Here is the link to the page. We have three pricing tests running here. Paypal conversion is the goal. http://unbouncepages.com/personal-medicine-plus-mvp/ Conversion rate so far is 26% but I am confused about the significance of the confidence level. Where does the confidence level need to be and what does the n need to be for views for the test to be significant?
Hey, I'm a conversion optimization consultant so I can offer some help here.
Whether a conversion rate is "good" or not is a relative measure. If you run a test and get it to 35% from 26%, that's good! If if go from 26% to 10%, then you know you could be doing better. Comparing your conversion rate to industry averages rarely tells you anything meaningful or actionable, so the best thing you can do is continue testing and compare to your old baseline.
The confidence level is the likelihood that the detected result actually exists. For example, if you flip a coin 10 times it will likely land on one side more than the other. If you stopped testing after 10 flips, you might assume that one side has a higher probability than the other... But we both know that's wrong. The real result (50/50) would only begin to emerge after 20 flips, and even then you would not have 100% confidence.
So you don't want to start flipping (ie, testing) too soon because you might draw the wrong conclusion ("the coin landed on tails 6 out of 10 times, therefore tails beats heads by 20%"). You also want to know when to stop and what is the smallest meaningful difference ("the coin landed on tails 49 out of 100 times, and the 2% difference is not significant, so we can confidently say the probability of landing on tails is the same as landing on heads.") The confidence level tells you when you've reached this point.
Before you start any A/B test, you need to know how many "flips" (sample number, ie, visitors) are need to reach a result that is likely to be true, and what is the minimum significant change (is a 2% increase significant, or is that just random fluctuation?). Here is a handy calculator to calculate this before you start your test: http://www.evanmiller.org/ab-testing/sample-size.html
If you (or anyone reading) would like some help in setting up and running A/B tests to increase conversions, get in touch!
a 95% significance threshold simply means that you have a 5% chance that the results you're seeing are wrong given the sample you're analyzing. In other words it means that 95% of the time the results you see is better (or worst) then the one you see on the originale page you're testing.
If you want to run a test that really has an impact you should:
1. Compute the sample size (here a tool: http://www.evanmiller.org/ab-testing/sample-size.html )
2. Run the test for at least 7 days
3. Record at least 300 hundred conversion per variation
4. Check significance here ( http://www.evanmiller.org/ab-testing/chi-squared.html )
The more you want to be sure about the result the higher the threshold. So 95% is an accepted standard, 99.5% of significance means that you are pretty sure that the result is not due to chance.
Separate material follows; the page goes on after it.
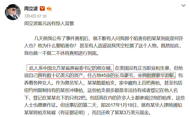 简单回顾一下事件:2017年1月20日,“海派清口”的创始人周立波在美国被捕,涉嫌非法持枪和藏毒。到了今年6月,周立波的案子终于宣判,周立波因“开车打手机”被判交通违章罚款150美元,其他所有的指控都不成立,法官判周立波无罪。7月,周立波微博发表长文回顾事件,表示自己是被陷害的,将陷害自己的人称为“某某”。
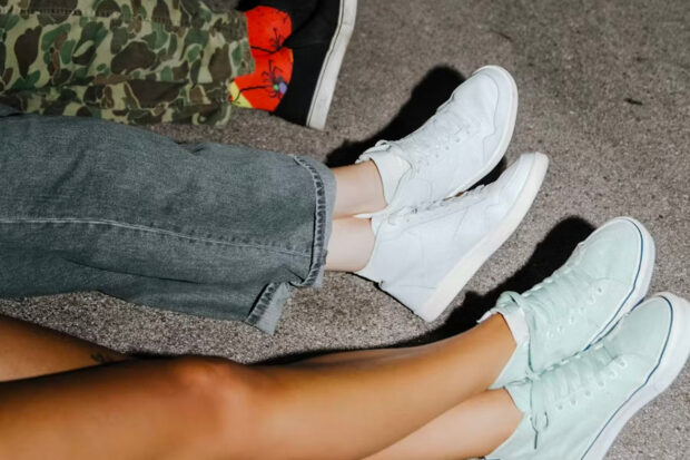 Pour les personnes minces, il s’agit plutôt d’éviter l’effet tassé. Les bottines fines, les escarpins légers ou les sneakers élégants font parfaitement l’affaire. En revanche, les chaussures plates sans structure peuvent casser la dynamique.

I run hundreds of test for my customers, what I can tell you is that the best test are the one that provide a bigger difference between the two tested pages (from 20% increase or more). That you should run the test for at least one week. And that you should be sure that you didn't make the sample "dirty" (like: changing traffic sources, sending a special offer newsletter etc), and that you should run your test for at least 300 conversions for each variation.
If you happen to run a good test, what you will see from the chart in your ab testing tool is that the line representing the winning variation will always be "over" the one of the loosing variation.
This is the signal that you run a very good test!
And BTW .. Don't forget that each test you run teach you something about your customers ..
Hope this helped.
26% is a satisfactory conversion rate. It differs for everyone, there is no benchmark. Can you improve on that - surely! Try bringing in more levels of analytics like heatmaps and multivariate testing to see what tweaks have the most impact.